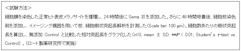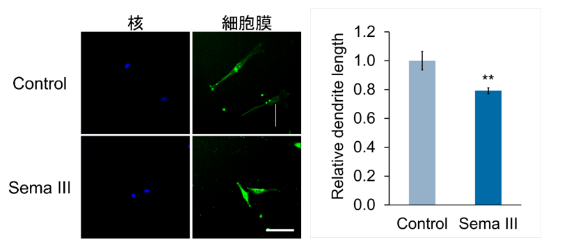 Sema-plexinシグナルのメラノサイトでの作用を調べるために、培養メラノサイト※5を用いた評価を行いました。PLXNA1のリガンドであるSema-3A(以下、Sema III )をメラノサイトに添加したところ、メラノサイトの突起伸長を有意に抑制する結果が得られました(図2)。
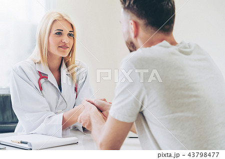 Woman Doctor and Male Patient in Hospital Office
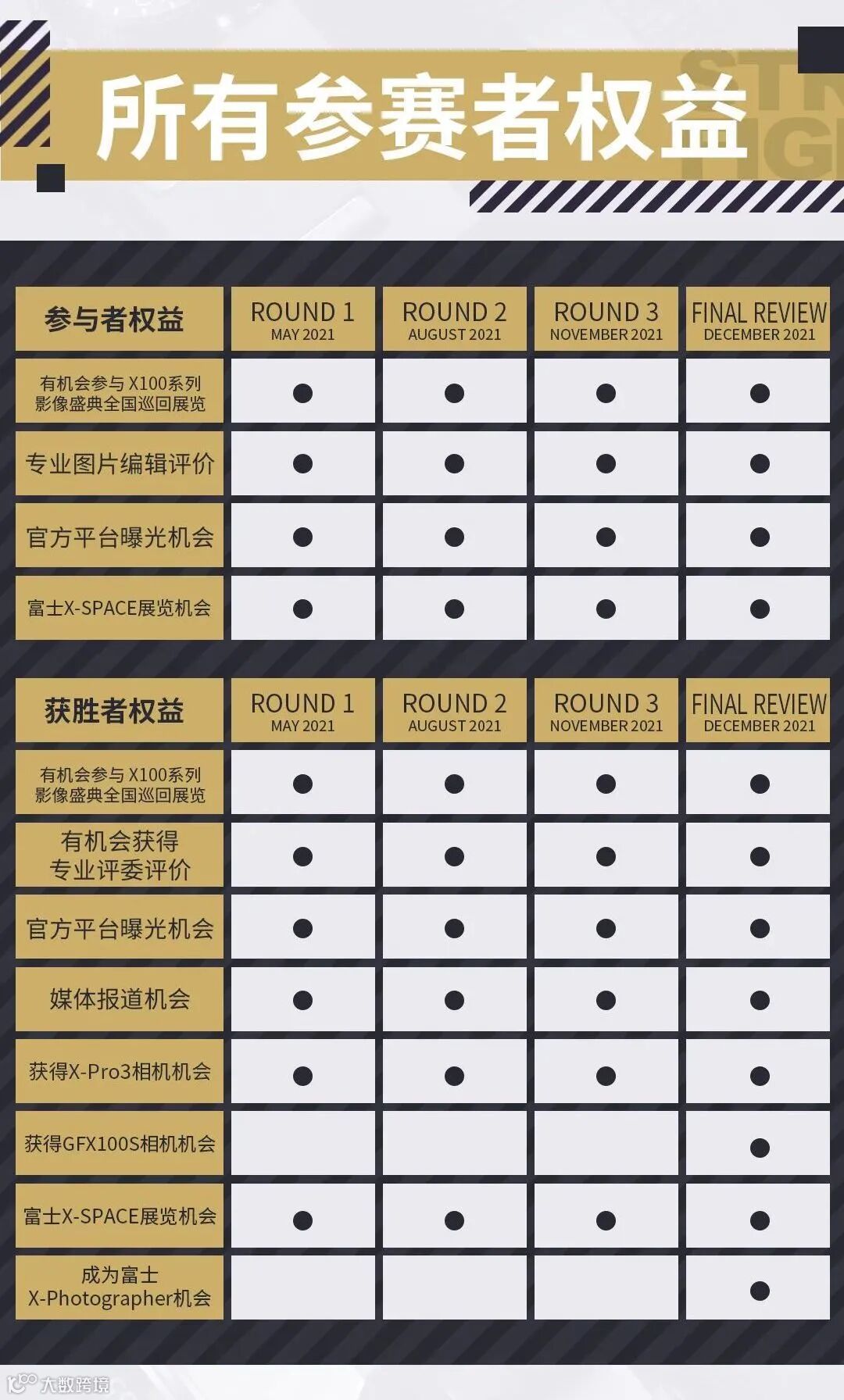 本次大赛没有器材限制,不论是否是富士品牌的相机均可,不论是相机、手机甚至行车记录仪均可,但如果作品使用X100系列相机拍摄,所得奖品均会有升级加成。

BRIEF: A faithful copy of all the data above, without its pictures, is the expected result.

REPLY:
 Sema-plexinシグナルのメラノサイトでの作用を調べるために、培養メラノサイト※5を用いた評価を行いました。PLXNA1のリガンドであるSema-3A(以下、Sema III )をメラノサイトに添加したところ、メラノサイトの突起伸長を有意に抑制する結果が得られました(図2)。
 Woman Doctor and Male Patient in Hospital Office
 本次大赛没有器材限制,不论是否是富士品牌的相机均可,不论是相机、手机甚至行车记录仪均可,但如果作品使用X100系列相机拍摄,所得奖品均会有升级加成。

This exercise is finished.